▶ **ENTRIES SHOWN**
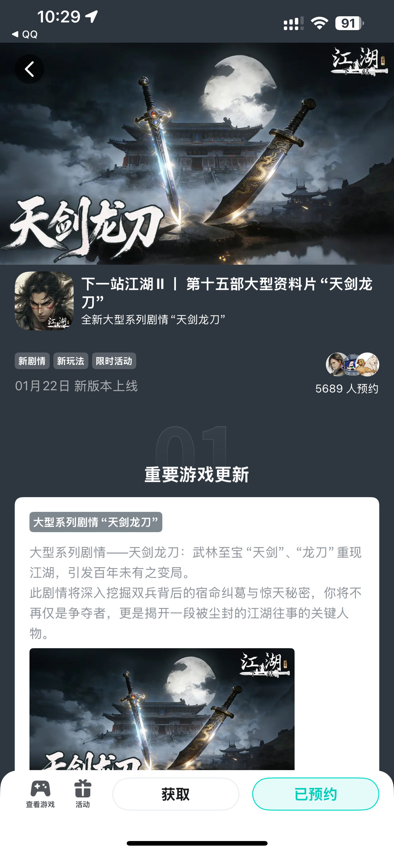 《江湖Ⅱ》第十五部免费玩法资料片“天剑龙刀”版本延至1月22日
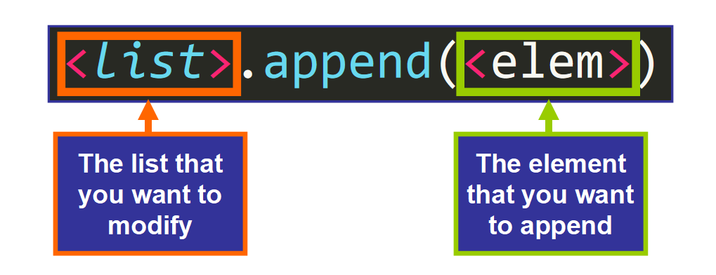 نکته: نقطه از اهمیت زیادی برخوردار است ، زیرا ()append یک روش است. وقتی متدی را فراخوانی می کنیم ، از نقطه بعد از لیست استفاده می کنیم تا نشان دهیم می خواهیم آن لیست خاص را "اصلاح" یا "تأثیر بگذاریم".
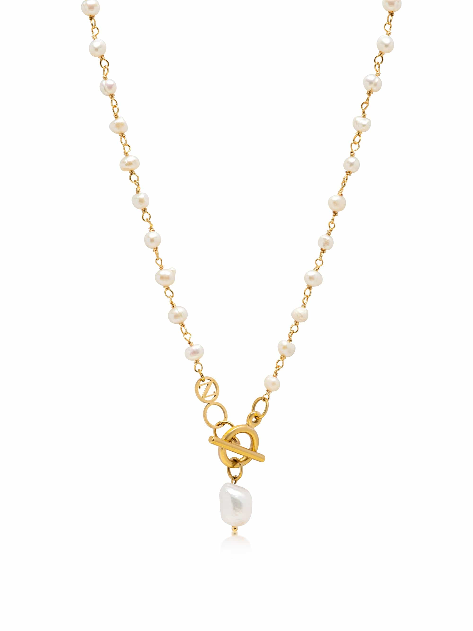 - Pearl Pendant on Stainless Steel Chain with Gold Plating
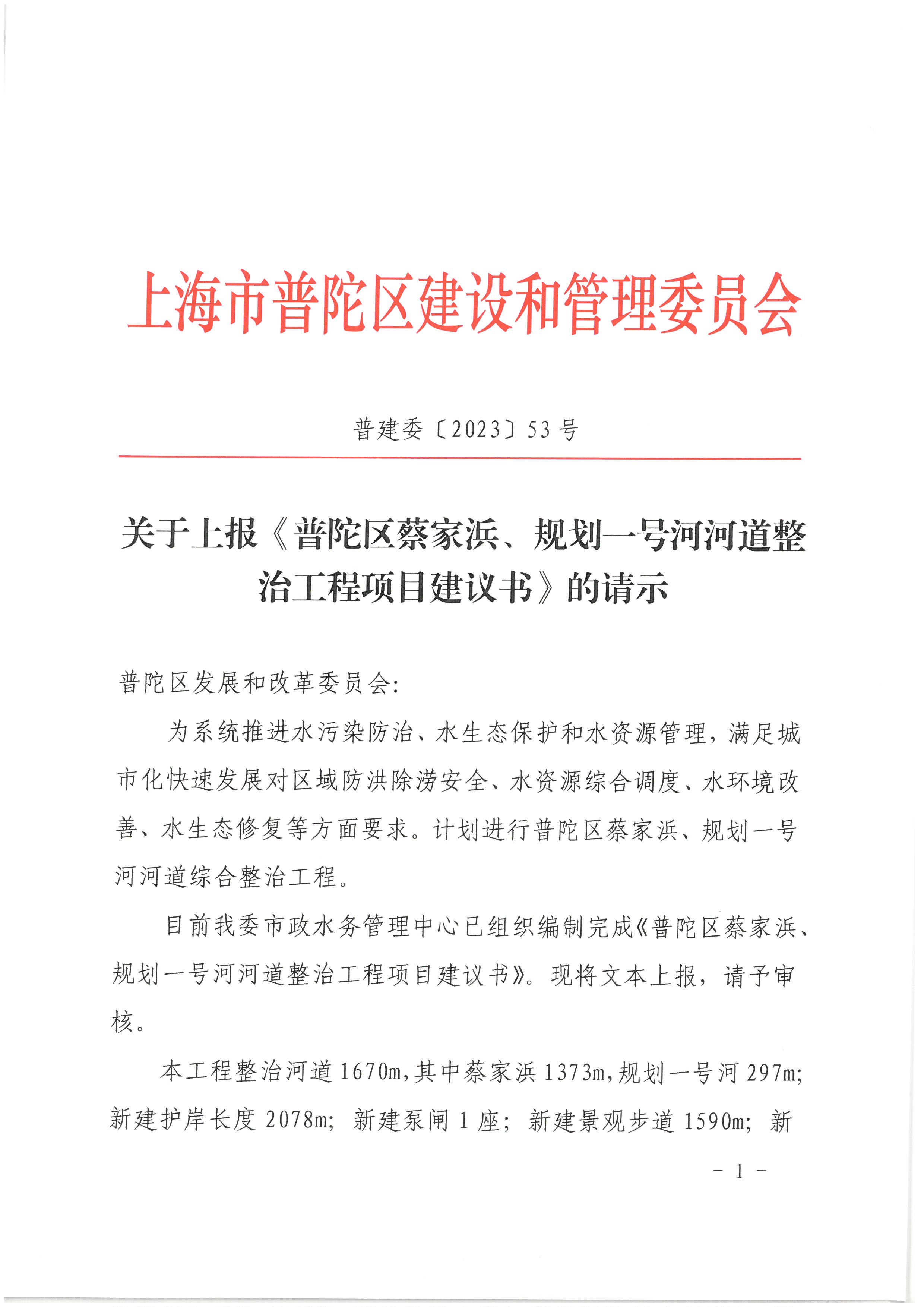 目前我委市政水务管理中心已组织编制完成《普陀区蔡家浜、规划一号河河道整治工程项目建议书》。现将文本上报,请予审核。
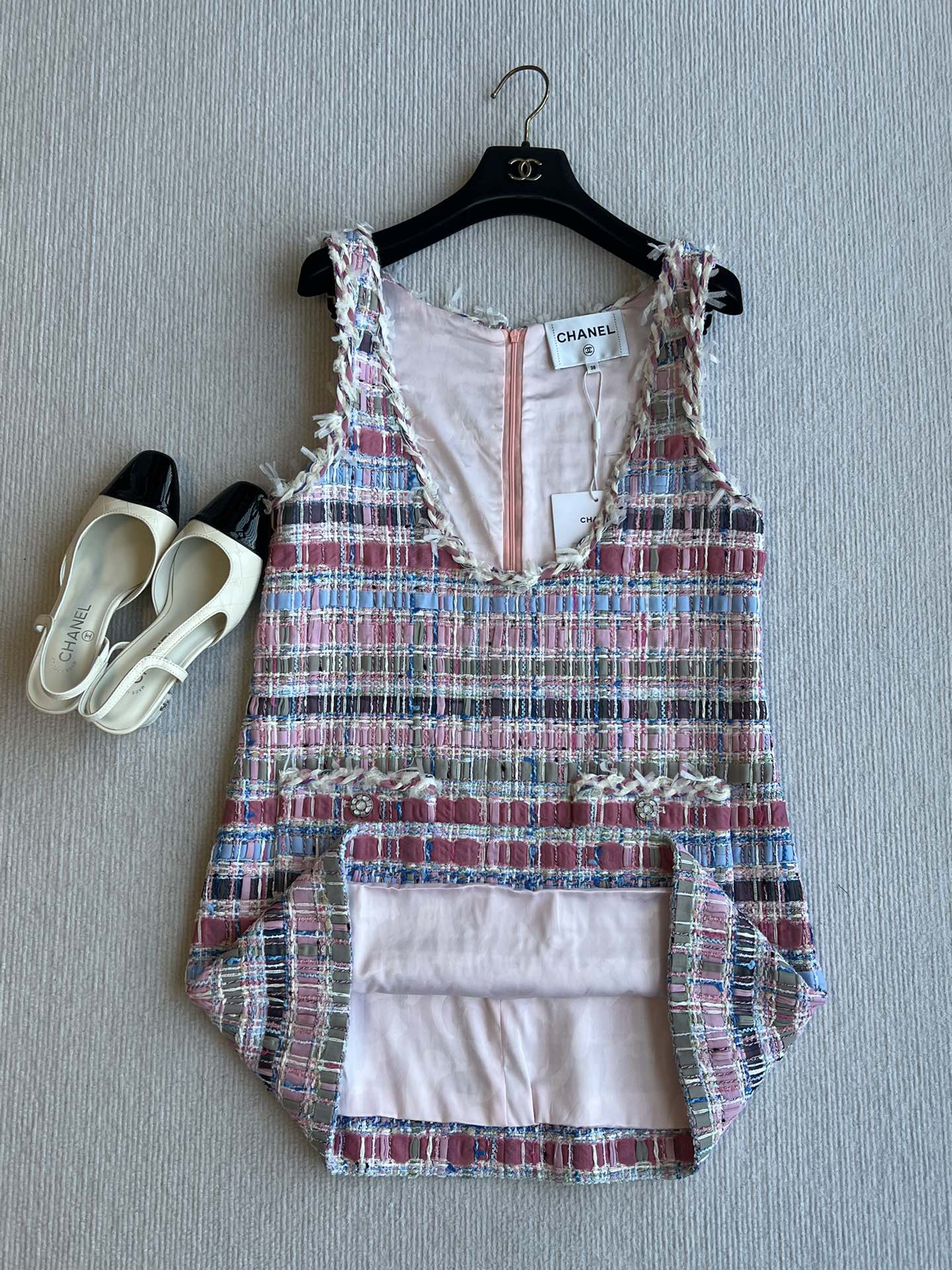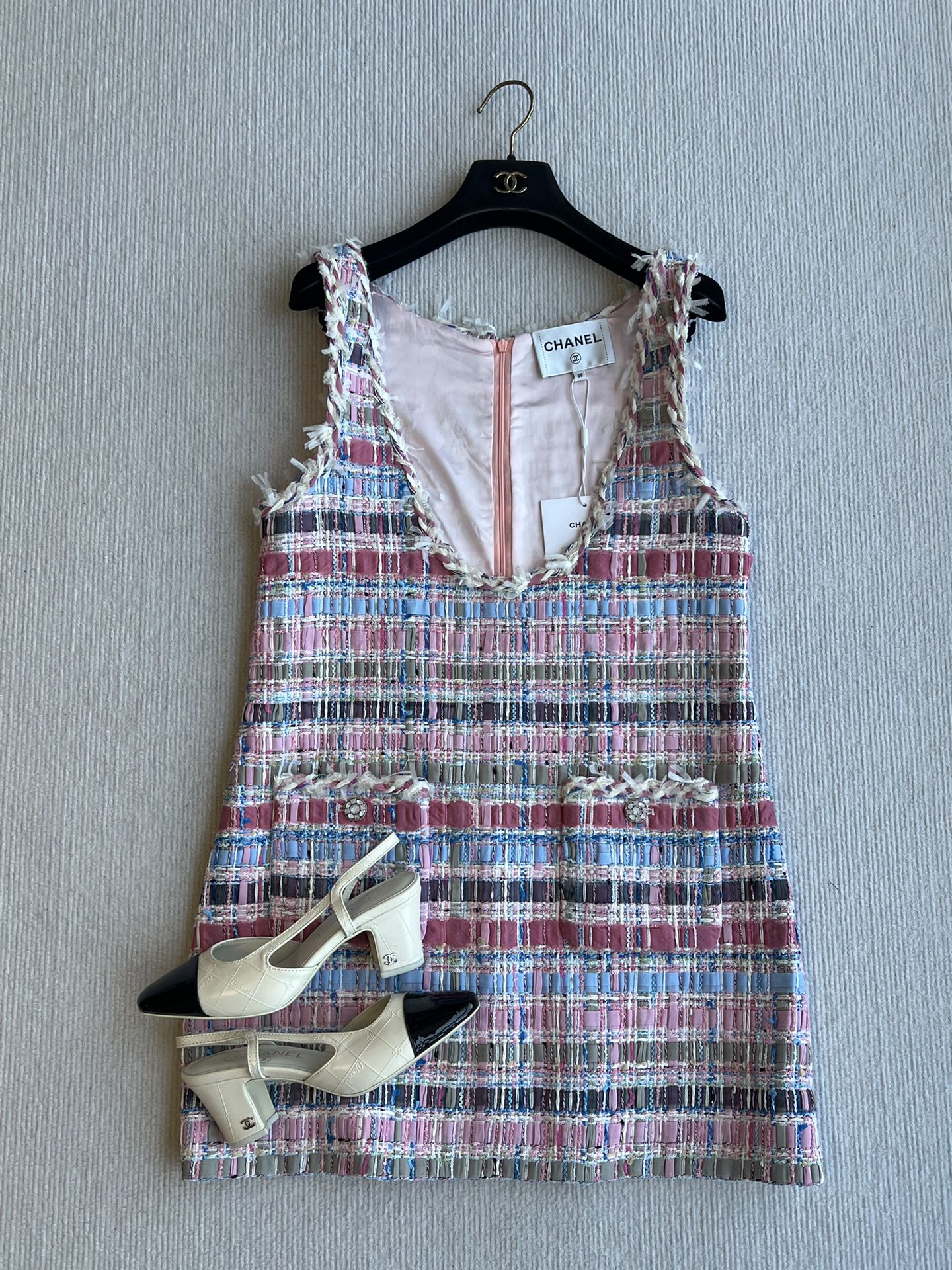 CC 25SS V-neck Vest Dress with Hand-Woven Tassel Ribbons Colorful 277225

▶ **PROBLEM STATEMENT**
Exact copy, no images: rewrite the entire listing above.

▶ **TASK RESULT**
 《江湖Ⅱ》第十五部免费玩法资料片“天剑龙刀”版本延至1月22日
 نکته: نقطه از اهمیت زیادی برخوردار است ، زیرا ()append یک روش است. وقتی متدی را فراخوانی می کنیم ، از نقطه بعد از لیست استفاده می کنیم تا نشان دهیم می خواهیم آن لیست خاص را "اصلاح" یا "تأثیر بگذاریم".
 - Pearl Pendant on Stainless Steel Chain with Gold Plating
 目前我委市政水务管理中心已组织编制完成《普陀区蔡家浜、规划一号河河道整治工程项目建议书》。现将文本上报,请予审核。
 CC 25SS V-neck Vest Dress with Hand-Woven Tassel Ribbons Colorful 277225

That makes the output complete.